Solutions to educational data ethics

In order to solve the problems of educational data ethics, existing researchers often think about solutions to the ethical problem of educational data from different perspectives but lack systematization. From the perspective of educational leaders and researchers, some researchers have explored how to fairly, ethically, and effectively use AI and other technologies in education. It is crucial for all parties to join together to develop strong educational ethics. (Roschelle et al., 2020). Owing to the particularity of China’s political, economic, and cultural background, the central government’s policies play an important role in solving ethical issues of educational data (Knox, 2020).
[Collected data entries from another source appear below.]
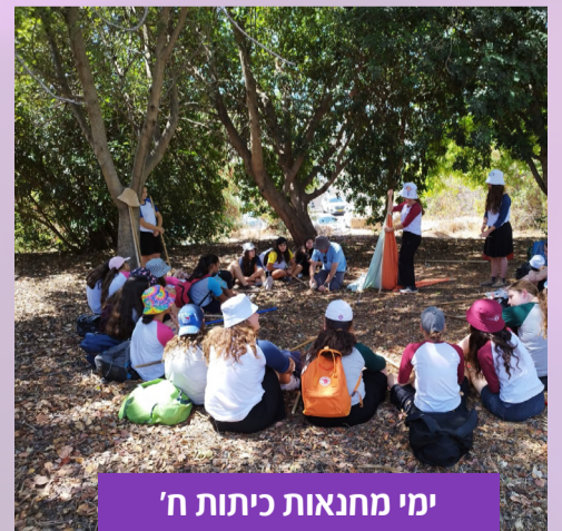
ימי מחנאות כיתות ח'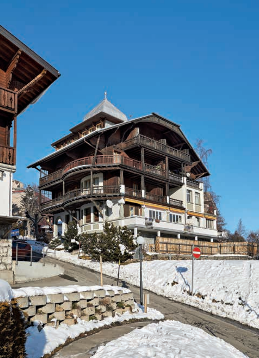
Fig. 10 La pension Quisisana, par René Longchamp, 1913. Une clinique camouflée sous une façade régionaliste. Photo Dirk Weiss, 2021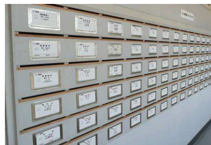
完成したレポートを提出

教科書や学習書に沿った内容の報告課題集(問題集)です。レポートは教科書や学習書を自分で調べ、スクーリングに出席したり、ときには、直接科目の先生に質問したりしながら完成させていきます。レポートの提出は、学校へ郵送する方法と、学校のレポート提出ボックスへ直接投函する方法の2つがあり、添削指導ののち、郵送で返却されます。レポートの内容が合格基準に達していない場合は「再提出」が求められ、「合格」するまで学習を続けていきます。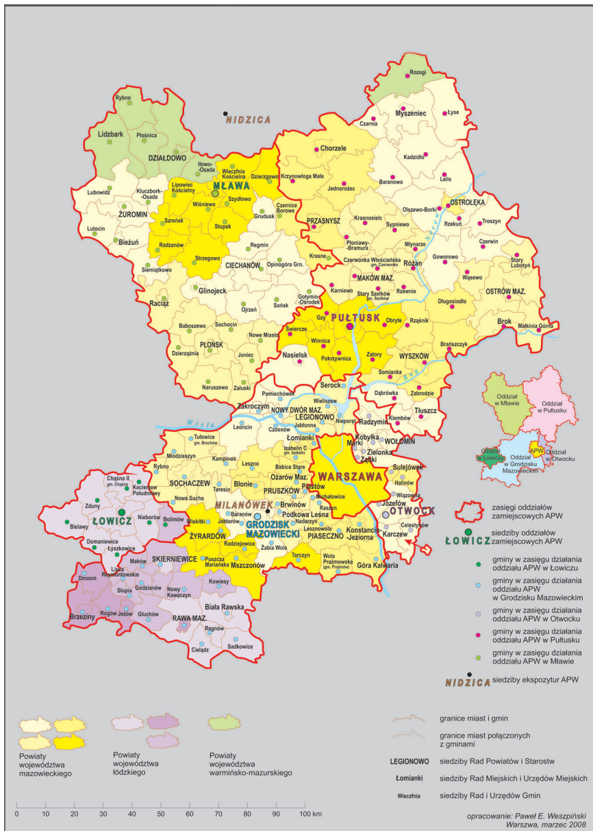
Mapa zasięgu działania Archiwum Państwowego w Warszawie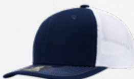
NAVY / WHITE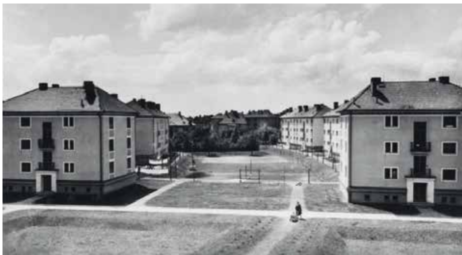
Sídliště Mojmír v roce 1957.

uherskohradištský závod Pozemních staveb Gottwaldov.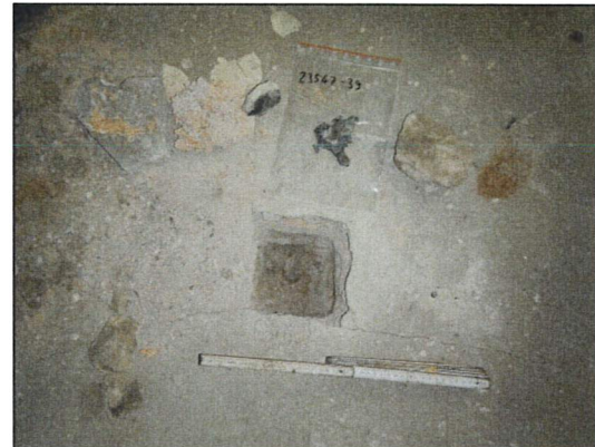
Bild 32: Bürogebäude II, EG, WC 1, Probe 23547-39, asbestfreie Bitumenpappe im Fußboden.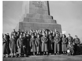
Grupa polskich oficerów pod pomnikiem „TO THE MEMORY OF DUNDEE MEN WHO FELL IN THE GREAT WAR 1914-1918” usytuowanym w Dundee w Szkocji.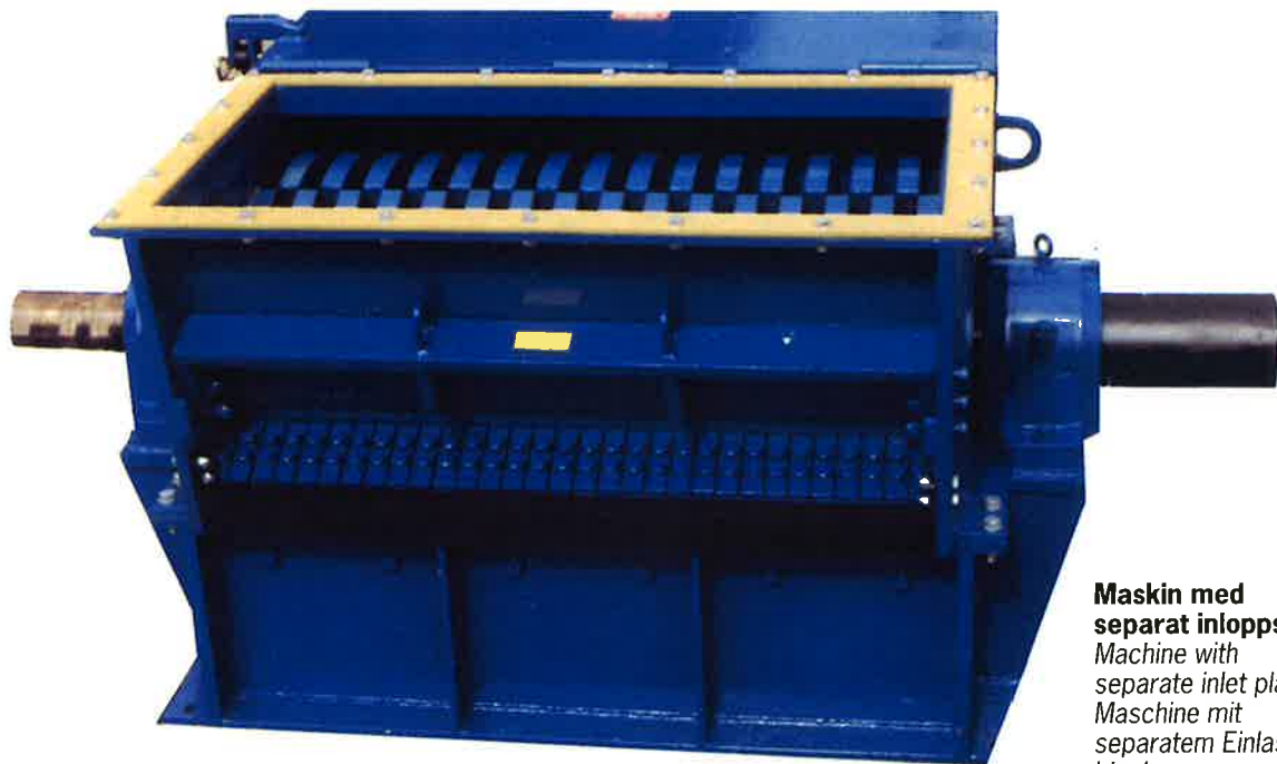
Maskin med separat inloppsplåt Machine with separate inlet plate Maschine mit separatem Einlassblech

I denna kraftiga rivare är det möjligt att sönderdela de flesta typer av material. Verktyg och såll anpassas efter materialtyp.

From the perspective of researchers and developers of educational data-related technologies, some researchers have thought about how to realize the protection of educational data ethics. Shum and other researchers explore how developers can avoid or respond to data ethics issues during their work (Shum & Luckin, 2019). Furthermore, from the perspective of educational technology companies, some researchers have focused on the challenges, solutions, and needs regarding data ethics faced by education companies. For example, Kousa and Niemi (2022) claim that research and development of artificial intelligence education products should be preventive, safe, explainable and equal. Similarly, facing the challenges of data ethics caused by artificial intelligence requires the collaboration of multiple stakeholders, including companies, consumers, educational institutions, researchers, funders, and managers. In any case, research on educational data ethics must be learner-centered (Tzimas & Demetriadis, 2021). It is necessary to effectively safeguard data ethics, combine cultural backgrounds, and collaborate with various stakeholders facing different situations. In general, there is an urgent need to form a more systematic educational data ethics solution, focusing on a specific country or context.